Activity: What I need is an exact repeat of the lines from the one with "出張先・旅行先でスーツケース" through the end of the listing below. Leave out every picture.
==== Data for this exercise ====
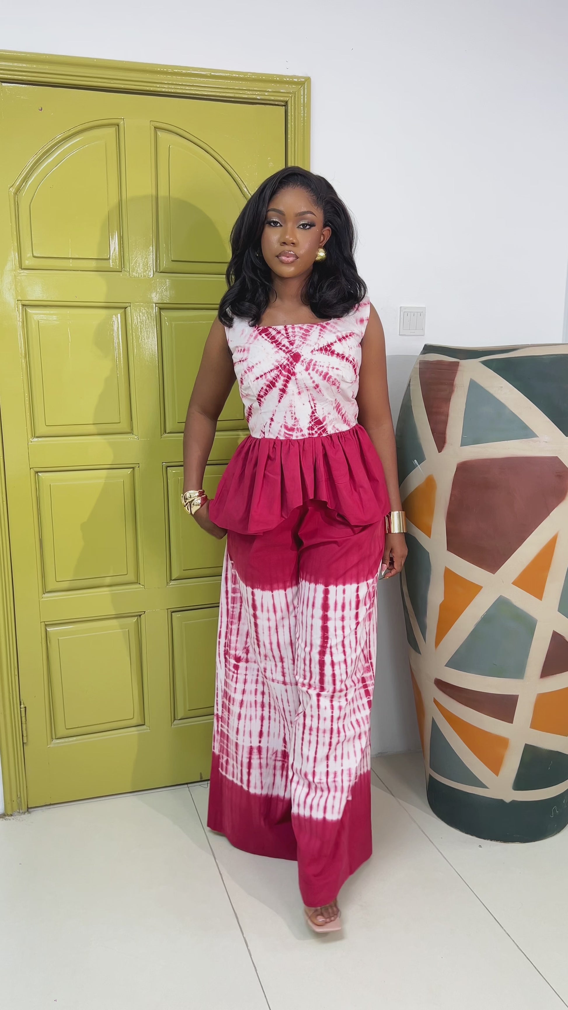 Made from authentic Adire tie and dye fabric, this two-piece set features a beautifully asymmetrical cut peplum top paired with wide-leg pants measuring 46 inches in length—perfect for resort escapes, warm-weather events, or elevated everyday wear.
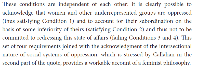 I'm idly browsing the "Bloomsbury Companion to Analytic Feminism" and may I just say that I am *delighted* that it starts with an axiomatic definition of feminism and then goes on to show that the axioms are independent of eachotherpic.twitter.com/OrFGg7YWa2
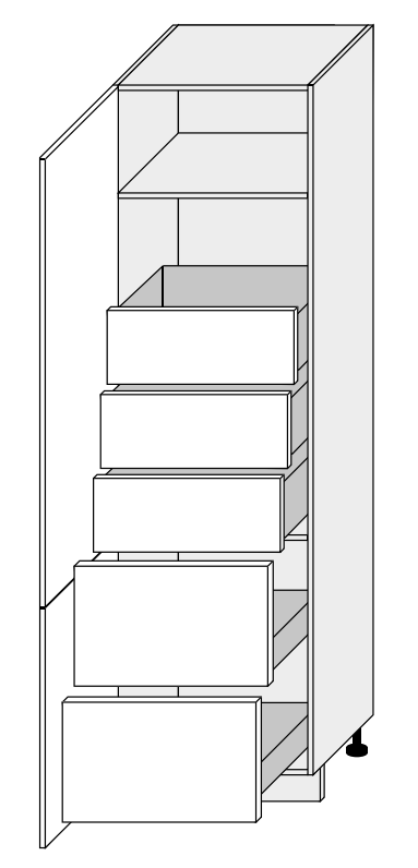 Výška je uvedena vč. 10cm nožek. Výšky zásuvek: 1×118 mm, 2×86 mm, 2×199 mm
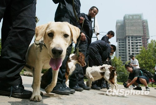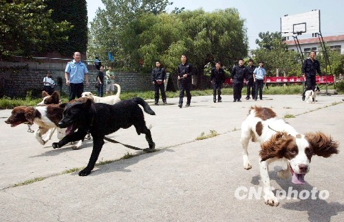 7月24日,60条警犬组成的全运安保警犬队经过3个多月的集训后在济南亮相。训练测试中,警犬的优秀率和合格率分别达到了70%、100%。据了解,60条警犬将全部投入到国庆安保和全运安保工作中。中新社发 崔前程 摄
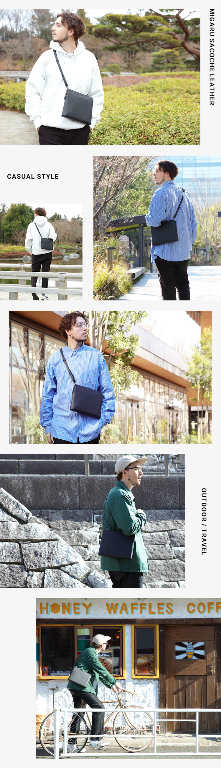 出張先・旅行先でスーツケースやリュックに忍び込ませて、フラっと外に出かける際のモードチェンジにちょうど良い収納力とスタイルを選ばないシンプルなデザイン性を追求。遠出だけではなく会食・ちょっとした買い物・ドライブ・アウトドアなど・・様々な場面でちょうどよく利用出来るマルチなミニマムバッグをこれまでの販売経験を元に、お客様の「ビジネス・生活が豊かになる」を使命にこだわりを凝縮し開発しました。
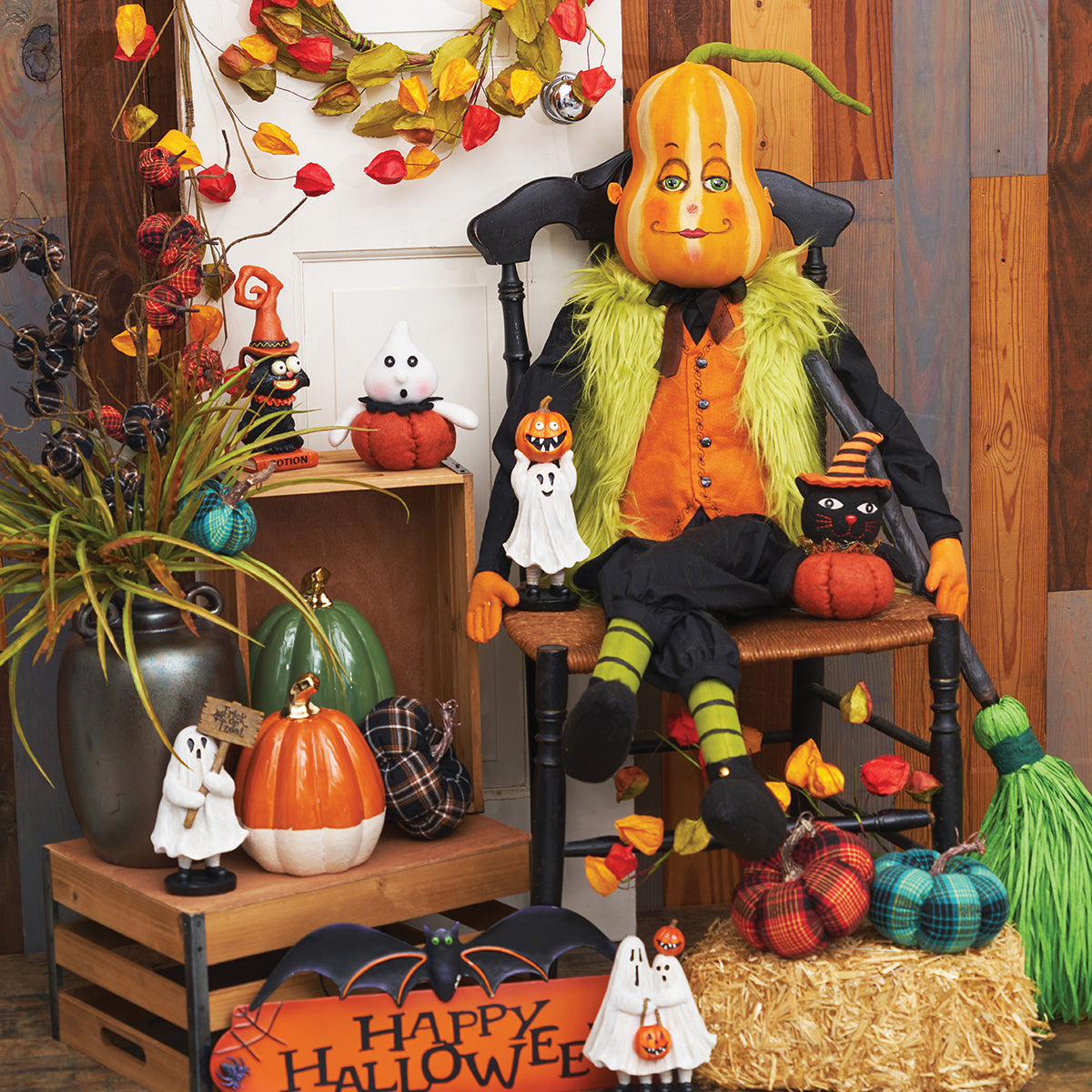 With a fluffy green coat, orange vest, and a soft smile  Gregorio has everything you need to create a festive autumn scene. Display Gregorio Gourd with more Gathered Traditions art dolls by Joe Spencer and watch your shelves magically transform.
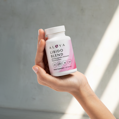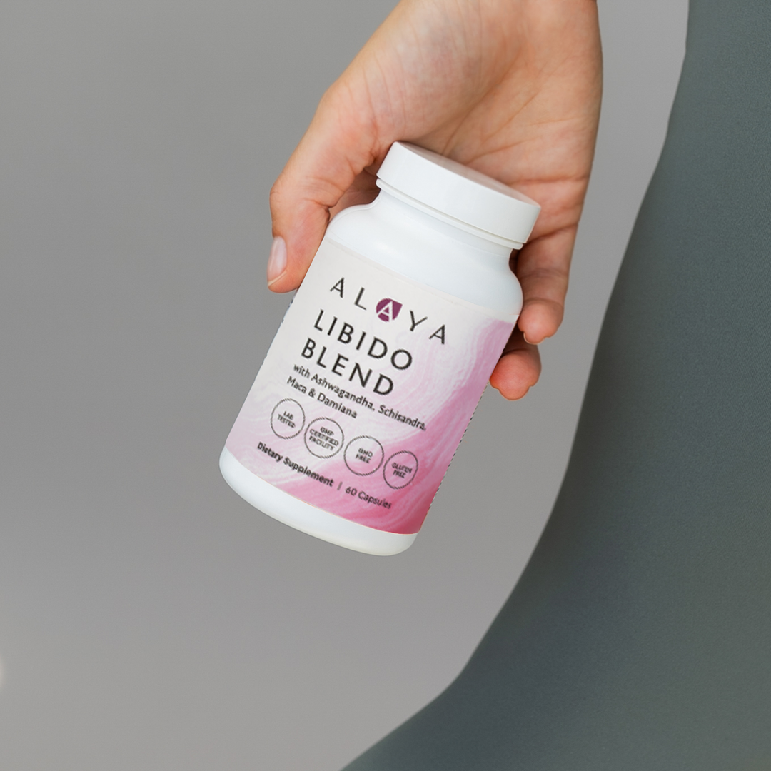 Alaya Libido Blend supplement bottle on a clear background #hide
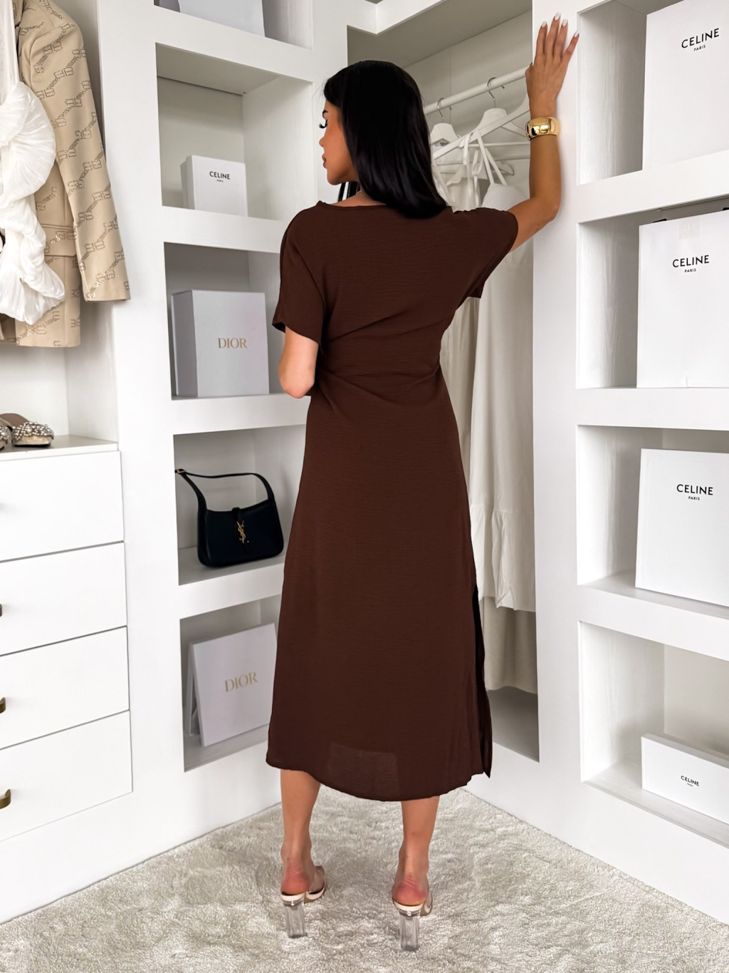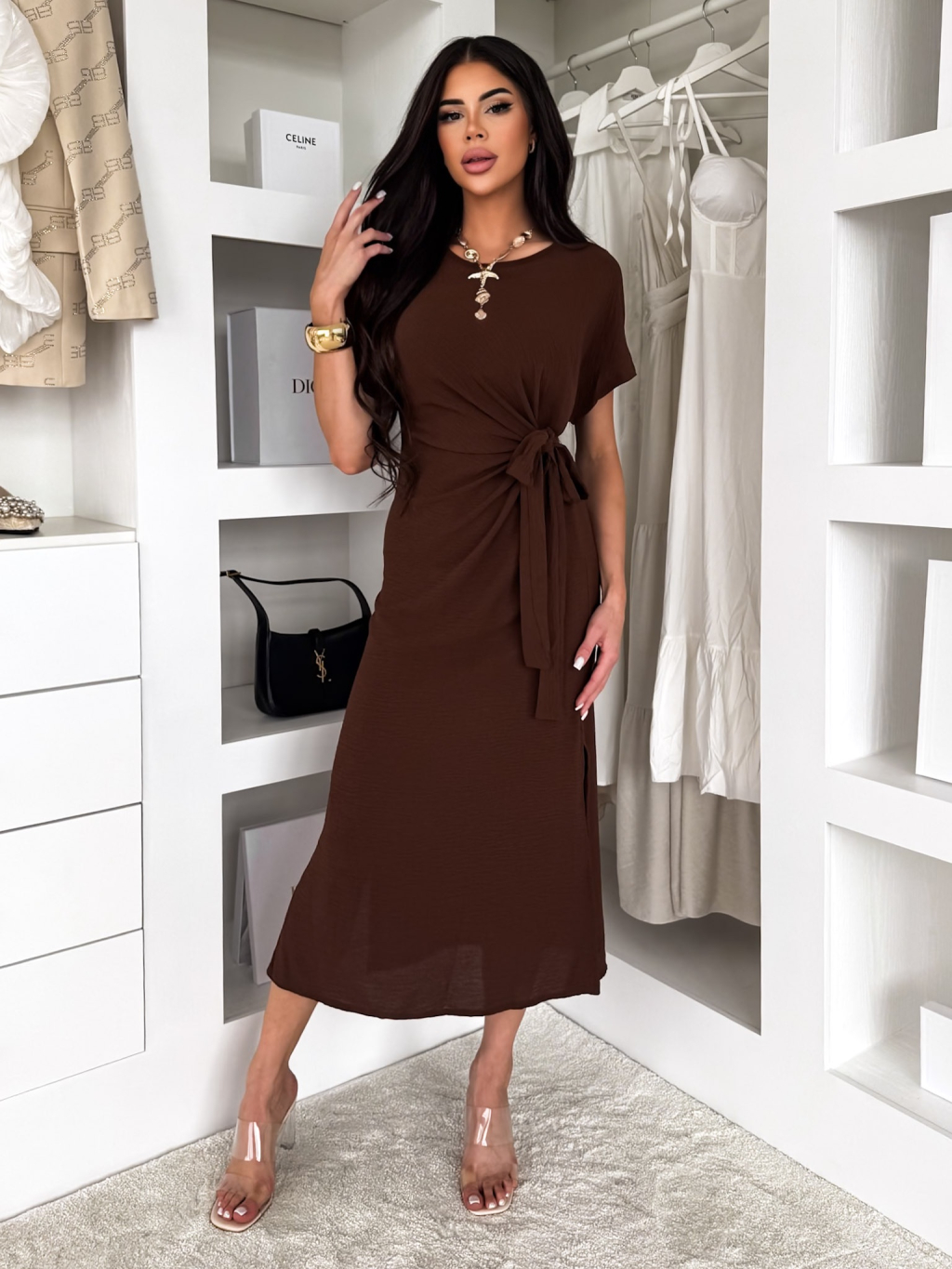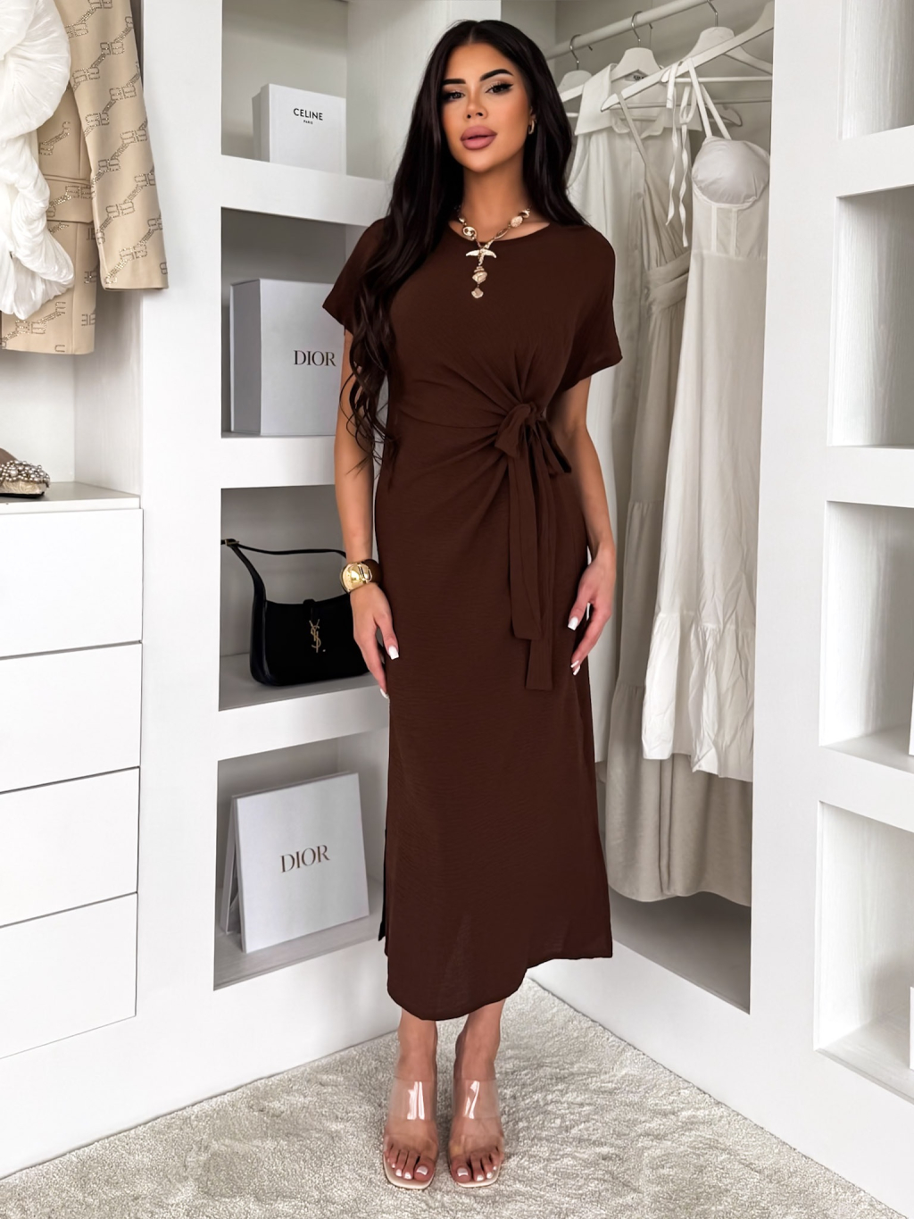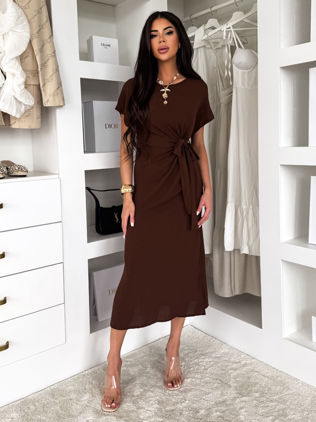Hnědé lehké vypasované šaty NIRELA s vázáním
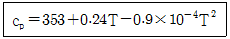 어떤 기체의 정압비열(cp)이 다음 식으로 표현될 때 32℃와 800℃ 사이에서 이 기체의 평균정압비열(
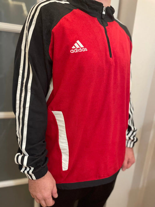 Vintage Adidas Red/Black Pullover 1/4 Zip Fleece Jumper/Sweatshirt Pullover - XL/Extra Large
====
Answer space:
 出張先・旅行先でスーツケースやリュックに忍び込ませて、フラっと外に出かける際のモードチェンジにちょうど良い収納力とスタイルを選ばないシンプルなデザイン性を追求。遠出だけではなく会食・ちょっとした買い物・ドライブ・アウトドアなど・・様々な場面でちょうどよく利用出来るマルチなミニマムバッグをこれまでの販売経験を元に、お客様の「ビジネス・生活が豊かになる」を使命にこだわりを凝縮し開発しました。
 With a fluffy green coat, orange vest, and a soft smile  Gregorio has everything you need to create a festive autumn scene. Display Gregorio Gourd with more Gathered Traditions art dolls by Joe Spencer and watch your shelves magically transform.
 Alaya Libido Blend supplement bottle on a clear background #hide
Hnědé lehké vypasované šaty NIRELA s vázáním
 어떤 기체의 정압비열(cp)이 다음 식으로 표현될 때 32℃와 800℃ 사이에서 이 기체의 평균정압비열(
 Vintage Adidas Red/Black Pullover 1/4 Zip Fleece Jumper/Sweatshirt Pullover - XL/Extra Large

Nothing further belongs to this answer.